[[ DATA FOR PROCESSING open ]]
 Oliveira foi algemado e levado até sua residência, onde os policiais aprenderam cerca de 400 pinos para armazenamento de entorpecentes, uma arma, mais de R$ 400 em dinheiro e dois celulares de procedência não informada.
[[ DATA FOR PROCESSING closed ]]
[[ DATA FOR PROCESSING open ]]
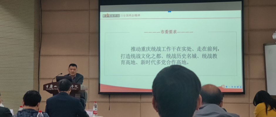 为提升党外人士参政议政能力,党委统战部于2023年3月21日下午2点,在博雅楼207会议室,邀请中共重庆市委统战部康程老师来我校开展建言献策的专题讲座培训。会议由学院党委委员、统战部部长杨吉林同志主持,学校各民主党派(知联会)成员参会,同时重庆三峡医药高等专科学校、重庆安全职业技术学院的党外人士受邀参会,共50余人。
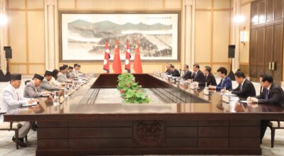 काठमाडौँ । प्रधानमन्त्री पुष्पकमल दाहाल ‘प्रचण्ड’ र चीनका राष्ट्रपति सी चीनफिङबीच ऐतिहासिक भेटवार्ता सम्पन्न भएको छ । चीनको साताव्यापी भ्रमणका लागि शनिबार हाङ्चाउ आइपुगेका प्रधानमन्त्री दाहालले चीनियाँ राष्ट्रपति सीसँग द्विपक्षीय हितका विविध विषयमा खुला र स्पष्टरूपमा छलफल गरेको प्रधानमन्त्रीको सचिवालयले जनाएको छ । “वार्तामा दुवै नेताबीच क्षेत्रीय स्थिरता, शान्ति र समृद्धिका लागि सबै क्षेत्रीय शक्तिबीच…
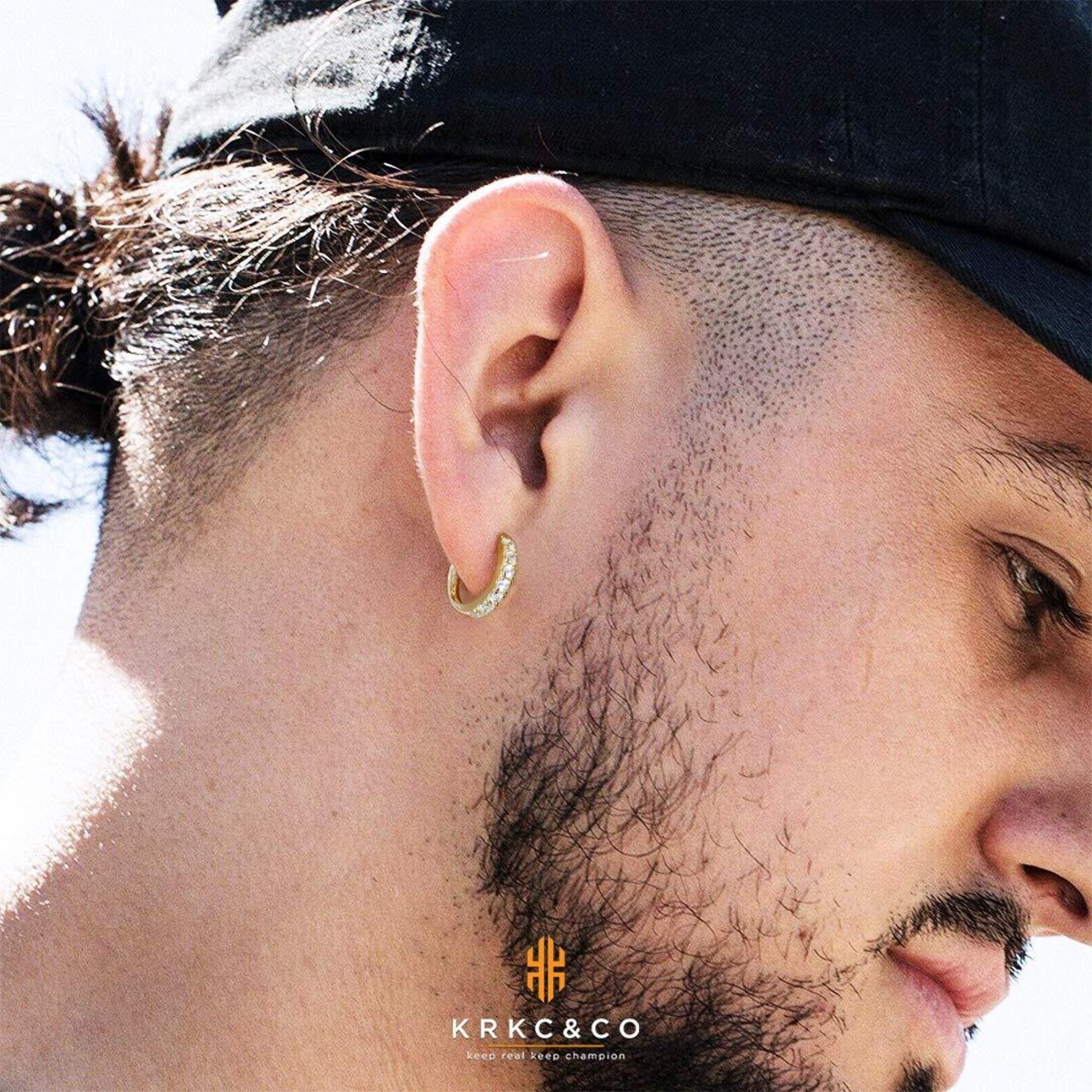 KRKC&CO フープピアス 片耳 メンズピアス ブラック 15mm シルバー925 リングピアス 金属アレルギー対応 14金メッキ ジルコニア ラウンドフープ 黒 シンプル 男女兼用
[[ DATA FOR PROCESSING closed ]]
YOUR ASSIGNMENT: Each line above from the one containing "为提升党外人士参政议政能力,党委统战部于" through the one containing "KRKC&CO フープピアス 片耳" is to be returned verbatim. Nothing else, and no pictures.

COMPLETED EXERCISE:
 为提升党外人士参政议政能力,党委统战部于2023年3月21日下午2点,在博雅楼207会议室,邀请中共重庆市委统战部康程老师来我校开展建言献策的专题讲座培训。会议由学院党委委员、统战部部长杨吉林同志主持,学校各民主党派(知联会)成员参会,同时重庆三峡医药高等专科学校、重庆安全职业技术学院的党外人士受邀参会,共50余人。
 काठमाडौँ । प्रधानमन्त्री पुष्पकमल दाहाल ‘प्रचण्ड’ र चीनका राष्ट्रपति सी चीनफिङबीच ऐतिहासिक भेटवार्ता सम्पन्न भएको छ । चीनको साताव्यापी भ्रमणका लागि शनिबार हाङ्चाउ आइपुगेका प्रधानमन्त्री दाहालले चीनियाँ राष्ट्रपति सीसँग द्विपक्षीय हितका विविध विषयमा खुला र स्पष्टरूपमा छलफल गरेको प्रधानमन्त्रीको सचिवालयले जनाएको छ । “वार्तामा दुवै नेताबीच क्षेत्रीय स्थिरता, शान्ति र समृद्धिका लागि सबै क्षेत्रीय शक्तिबीच…
 KRKC&CO フープピアス 片耳 メンズピアス ブラック 15mm シルバー925 リングピアス 金属アレルギー対応 14金メッキ ジルコニア ラウンドフープ 黒 シンプル 男女兼用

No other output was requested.